I'm not going to "blast" you, I'm simply going to state that I think your analysis is wrong. There is a significant moral difference between "sacrificing oneself" such as in a battle, and committing suicide.
The "sacrificing oneself" that I think you're talking about would be a scenario such as throwing oneself on a hand grenade to protect one's compatriots. Such an analogy forgets that someone else threw the hand grenade with the intent of killing. The person who commits the sacrifice is responding to that malevolent act. Their intent was not to kill oneself, it was to save others.
Suicide, on the other hand, is an act committed with the intent of killing oneself. It's a final denial of God's grace and of hope.
Obviously, you can't punish someone who has committed suicide, at least in the secular sense. And it's not left to us to decide whether someone who has committed suicide will be "punished" in the hereafter. What happens in the hereafter is left to our Lord.
Where I view this as a "moral absolute" is the fact that this is a suicide industry. It's an industry that profits from human despair, and profits from the death of fellow human beings. Morally, I don't view it much differently than I would view operating an oven at Auschwitz.

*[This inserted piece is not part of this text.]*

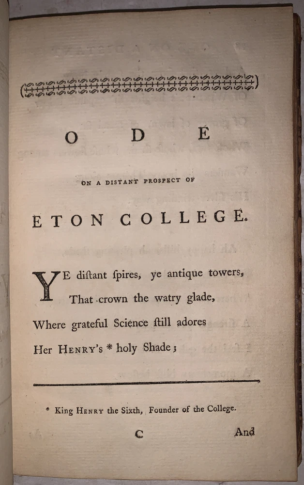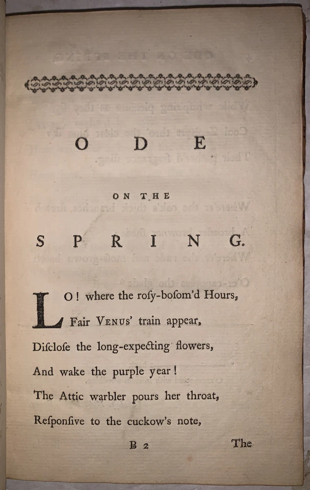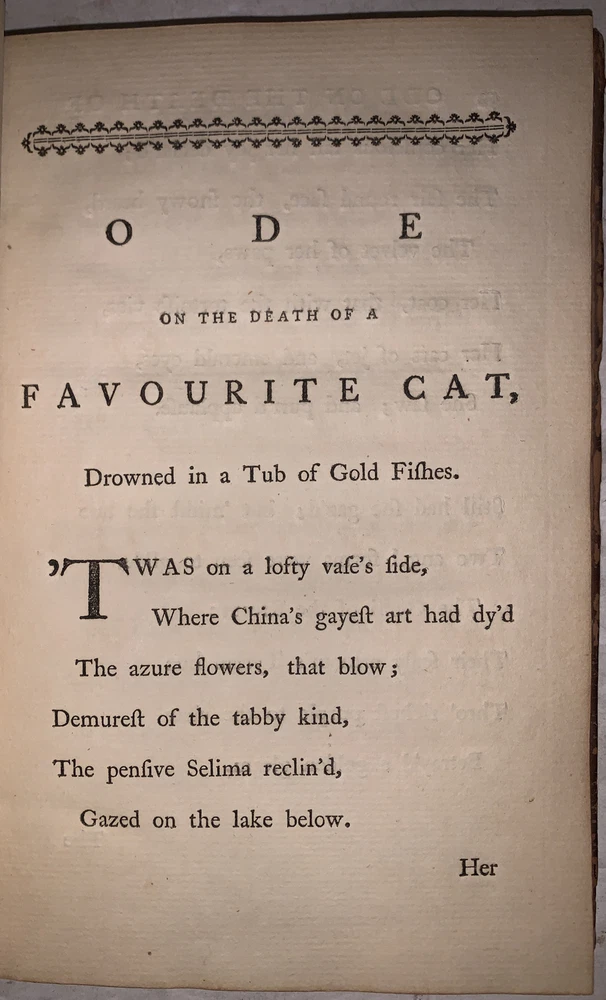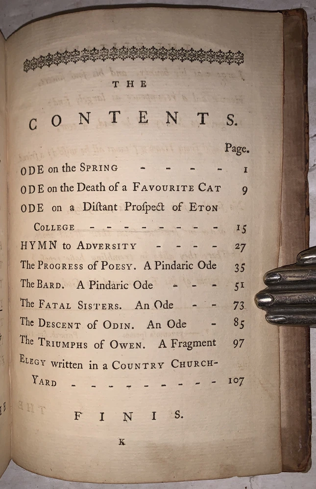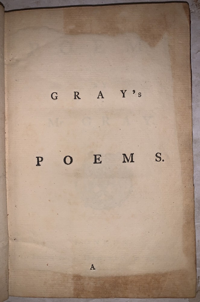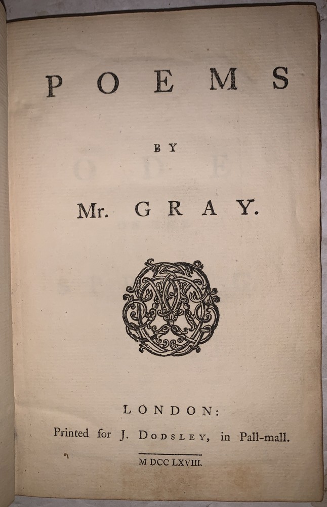 [Gray, Thomas] Poems by Mr. Gray London: J. Dodsley 1768 First Collected Edition, Containing the first appearance of "The Fatal Sisters", "The Descent of Odin", and "The Triumphs of Owen." 12mo, 121 pages, period full leather with raised bands and gilt decoration to spine. Previous owner's neat bookplate, both boards detached, rubbing and wear, slight foxing, else in good + condition. If you have any questions feel free to ask and don't forget to check out my other listings.

That the individuals in pain and despair seek death "voluntarily" in Switzerland is of little consequence. Many of the internees in the death camps eventually sought death, and were all too willing to go when it was time. That did not render those who killed them any less culpable.
The Nazis did it for hate, and yes, for profit. The suicide industry does it for profit, and yes, for hate.
It's hard to see the moral absolute there. Perhaps you can.
I can pretty easily place most, and maybe all, assisted suicide into "wrong under any circumstance" category. But I think there can be times when dying sooner voluntarily might be the best choice if all your options are horrible.